Он с сожалением покачал головой:
— Иностранцы часто указывают нам на это. Но именно господин отражает набеги кочевников. Он, как и другие господа, — единственная возможность противостоять алчности таких земель, как Хира. Да, война угрожает нам, и господа готовы нас защищать. Они в состоянии пресечь любое насилие внутри страны, обеспечивая рабам безопасную жизнь. И разве можно считать чрезмерным то, что они владеют всем, притом, что они покупают оружие и содержат наемников?
Я сказал с вызовом:
— Есть и другой порядок, обеспечивающий людям их права и защиту Родины, случись что!
Мужчина разжал плотно сжатые губы и категорично произнес:
— На нашей земле есть разные существа: растения, животные, рабы, господа, и у каждого своя природа, отличная от другого.

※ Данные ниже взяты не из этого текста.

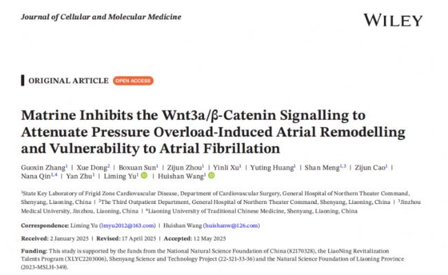 基于此,北部戰(zhàn)區(qū)總醫(yī)院王輝山教授團(tuán)隊(duì)在Journal of Cellular and Molecular Medicine雜志上發(fā)表文章“Matrine Inhibits the Wnt3a/β-Catenin Signalling to Attenuate Pressure Overload-Induced Atrial Remodelling and Vulnerability to Atrial Fibrillation”相關(guān)文獻(xiàn)。
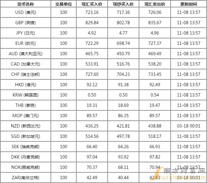 中国农业银行 外汇牌价表11月8日 人民币汇率是多少?下面同南方财富网大耳朵来看看。
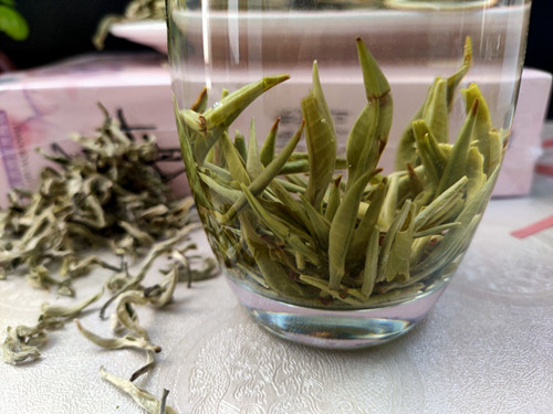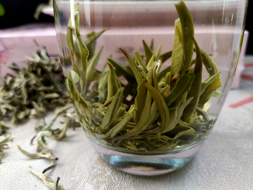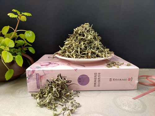 【商品介绍】原料精选勐海大渡岗地区大叶种特级单芽高山雪龙春尖白毫原料,本茶品全选高山芽尖白毫,外形白毫透绿。冲泡后茶汤淡绿清亮,香气怡人,鲜爽甘甜,入口顺滑,口感饱满,滋味醇浓,回味生津持久,饮后唇齿留香,口气清新自然!适合日常品饮或是招待亲朋好友。
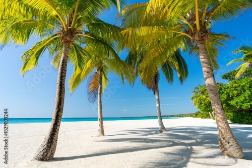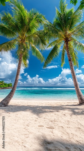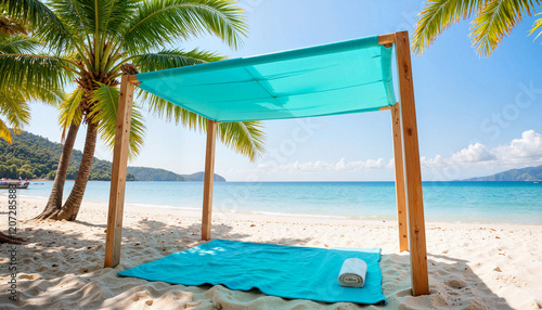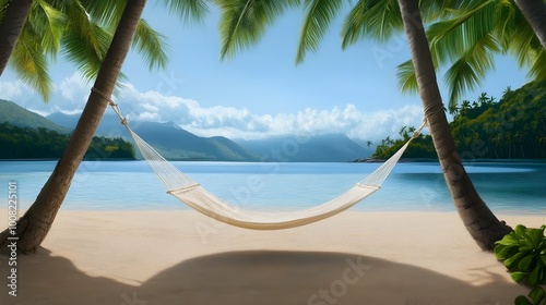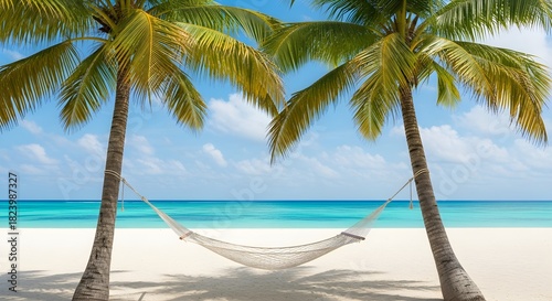 Urlaub am Palmenstrand mit Sonne und Hängematte #166715603
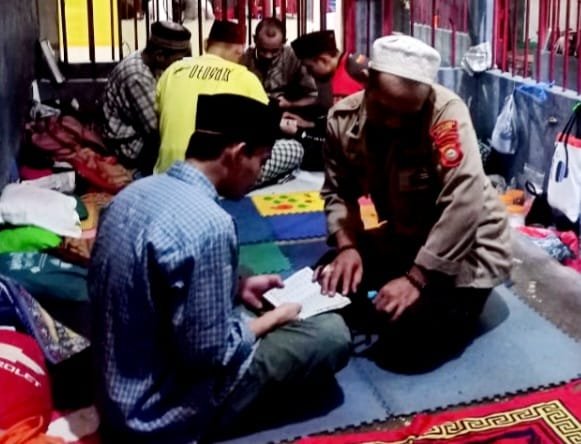 Aipda Deddy Kurniawan menyempatkan waktu bertugasnya dengan mengajari sejumlah tahanan membaca Al-Qur'an melalui Program Iqro’ untuk mengharap Keridhaan Allah SWT.
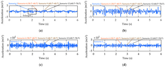 The vehicle vibration accelerations for each case: Scenario 1, Scenario 6, Scenario 9, and Scenario 12: (a): ; (b) ; (c) ; and (d) .
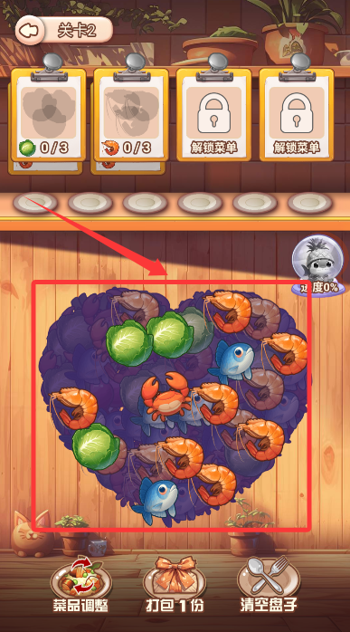 4、挑戰(zhàn)后續(xù)關(guān)卡時,根據(jù)更新的菜譜要求,尋找合適的材料進行組合。
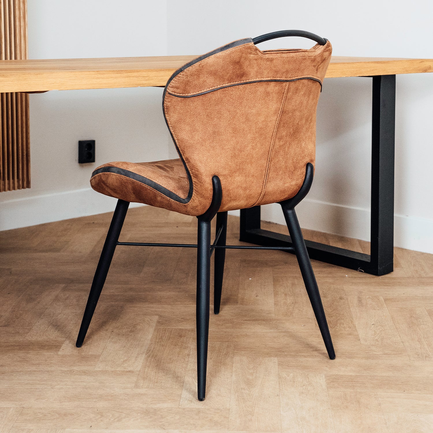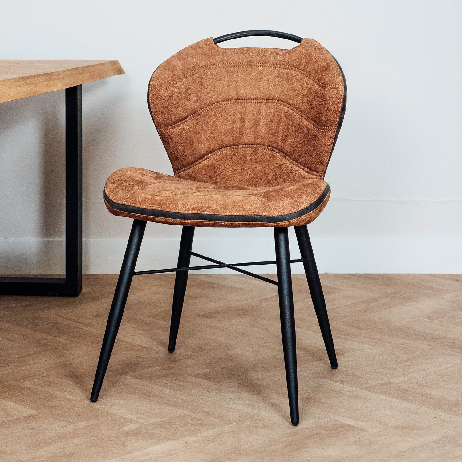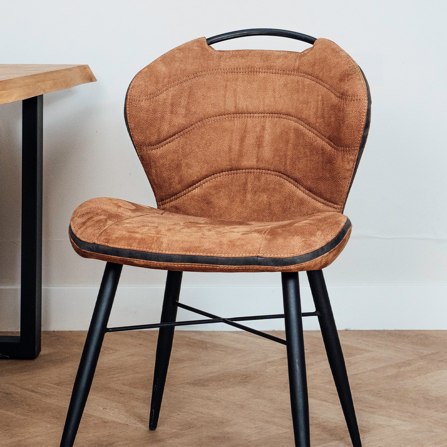 - Stevig metalen onderstel: Het zwarte metalen frame geeft de stoel een moderne en industriële uitstraling en zorgt voor een stabiele basis.
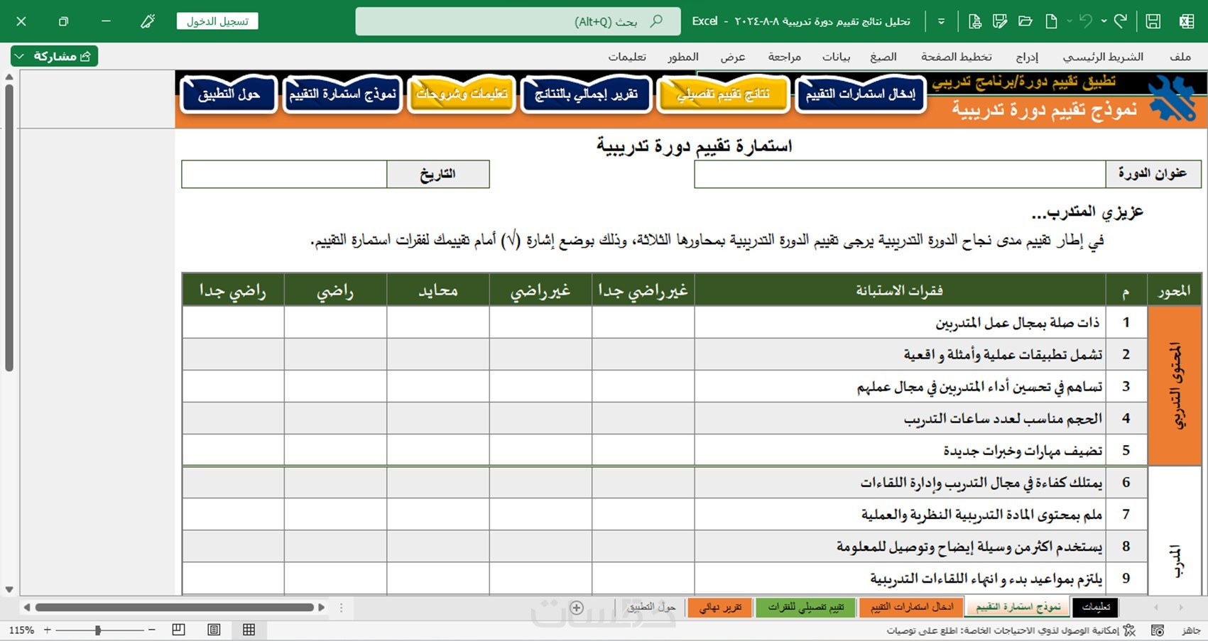 تصميم استمارة إدخال بيانات إلكترونية (10 أسئلة)
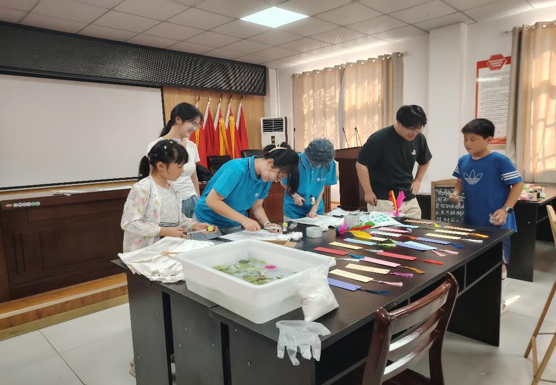 (圖為實(shí)踐團(tuán)成員幫助小朋友拓印 圖攝張海)

— У нас люди — братья от одного отца и матери, и нет различия между Султаном и ничтожнейшим из существ, — гневно ответил я.
— Ты не первый мусульманин, с которым я говорю, — пренебрежительно отмахнулся он. — Я много чего о вас знаю. То, о чем говоришь ты, — ваш девиз. Но значит ли что-то ваше пресловутое братство в реальных отношениях между людьми?
Получив жестокий удар в сердце, я вспылил:
— Это не девиз, это вера!
— Наша религия, — ухмыльнулся он, — не претендует на то, чего не в силах выполнить.
Мне захотелось быть предельно откровенным.
— Вы мудрый человек, и я удивляюсь, как вы поклоняетесь луне, считая ее богом?
— Мы видим его и понимаем его язык, — впервые ответил он серьезно и резко. — А вы видите вашего Бога?
— Он вне разума и чувств.
— Тогда он — ничто… — расплылся в улыбке жрец.
Я чуть не дал ему пощечину, но сдержал свой гнев, попросив прощения у Господа.
— Буду просить Бога наставить вас на путь истинный, — сказал я.
— И я буду просить о том же, — улыбнулся он.
Пожав ему на прощание руку, я вернулся в гостиницу с болью в сердце; нервы были на пределе. Я пообещал себе больше слушать и меньше спрашивать, либо вообще не вступать в спор во время путешествия.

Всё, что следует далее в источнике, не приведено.